A serious case review sparked by the death of two-month-old Rhys Biggs found a series of failings at care agencies in the London boroughs of Camden and Newham, it was revealed yesterday.
The review, which was completed in November 2006, was published after the conviction this week of Rhys’s mother, Claire Biggs, for child cruelty, and her partner, Paul Husband, for child neglect.
A post-mortem revealed a number of injuries had been inflicted on Rhys, including 12 broken ribs, but it could not be established whether these caused his death in May 2006.
History of domestic violence
The SCR found that Biggs, who was 24 at the time of Rhys’s death, had a history of domestic violence, substance misuse and homelessness, and also had a mild learning disability. She had also had her first child taken into care.

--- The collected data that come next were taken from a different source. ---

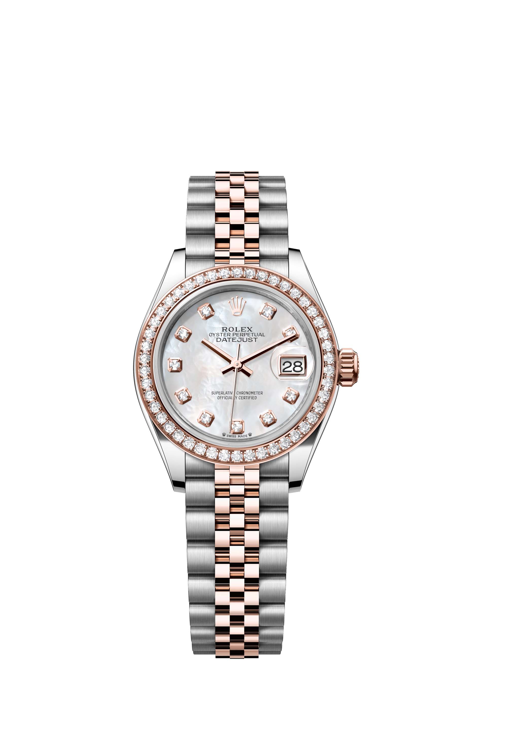 This Oyster Perpetual Lady-Datejust in Oystersteel and Everose gold features a white mother-of-pearl, diamond-set dial and a Jubilee bracelet.
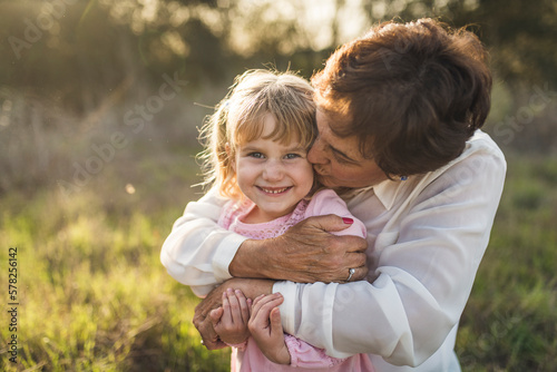 Close up of grandma hugging granddaughter from behind, kissing cheek
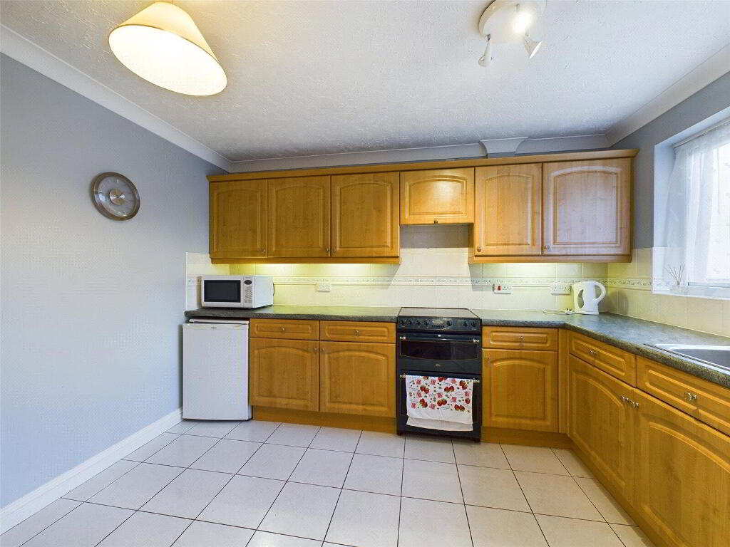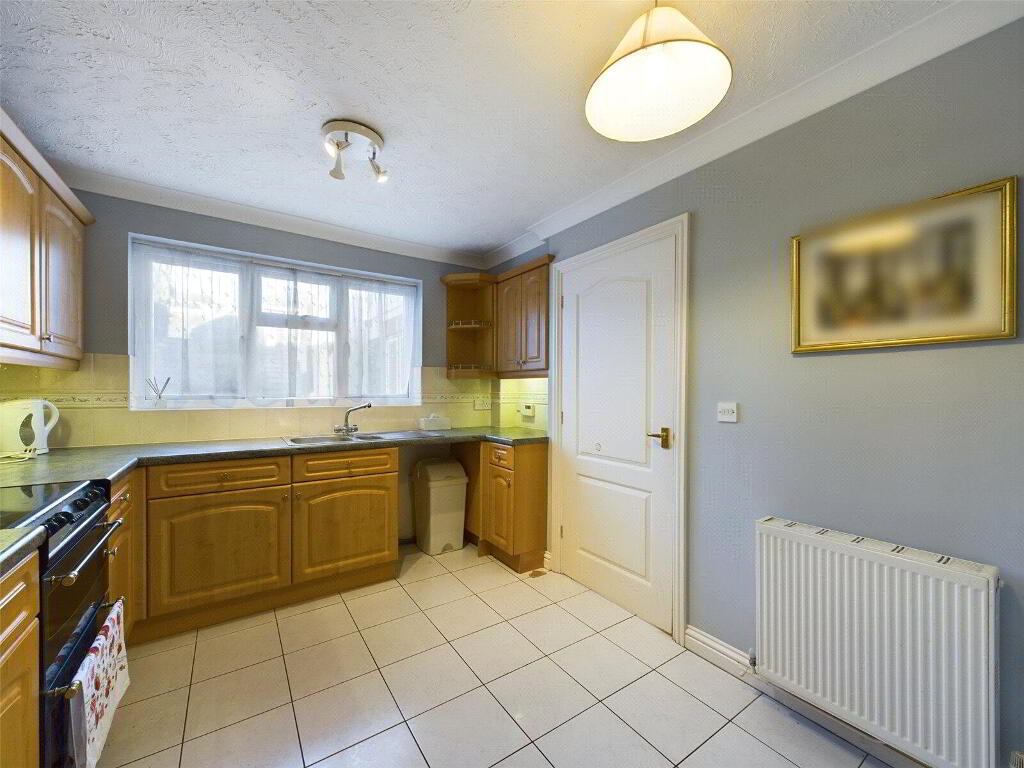 A fitted kitchen comprising a range of matching wall and base units with worksurfaces over, incorporating a stainless steel 1 1/2 sink drainer unit with mixer tap. Space for electric oven with extractor over, under counter fridge and washing machine. Room for dining table and chairs. Window to front elevation.

She came to the attention of Camden children’s services in September 2005 when pregnant with Rhys, and living at a Women’s Aid refuge in the borough. The review criticised social workers for being “overly optimistic” in Biggs’ ability to look after her child, a key part of their decision not to trigger an initial child protection conference.
It said agencies’ experience of the links between domestic violence and child abuse should have suggested “a more cautious approach”.
The review also said that her learning disability – and its likely impact on her parenting capacity should have been “comprehensively assessed”.
The SCR also said that a failure to carry out a police background check on Husband, with whom Biggs began a relationship in December 2005, had been “a significant error”, as the case would have been handled differently as a result.
When the case was transferred to Newham children’s services, after Biggs moved there in April 2005, a month after Rhys was born, the department was not informed of the relationship with Husband, who lived in the borough. A social worker was allocated without delay but, because of other priorities, did not see the family before Rhys’s death, a month later.
The SCR found information sharing on Biggs’ situation was initially good but then deteriorated and said that agencies “were not working well together” by the time Rhys was born.
Women’s Aid criticised
It also criticised Women’s Aid staff in Camden for not keeping Biggs’ social worker informed about her repeated absences from the refuge.
The review called for Newham and Camden safeguarding children boards to ensure safeguarding arrangements take account of the “enduring connection between domestic violence and child abuse”, and arrangements for the assessment and support of parents with learning disabilities.
Speaking on behalf of all the agencies involved, Newham Council’s director of children’s services, Kim Bromley-Derry, said that the review had identified a number of areas for improvement.
No evidence death could have been anticipated
He said: “It also found no evidence that the tragic death of Rhys could reasonably have been anticipated by the agencies involved.
“We have taken all the necessary steps to implement the recommendations made by the review. We want to continue to learn from this incident and now that the case has finished, we will review action plans again to identify any further areas for improvement or action.”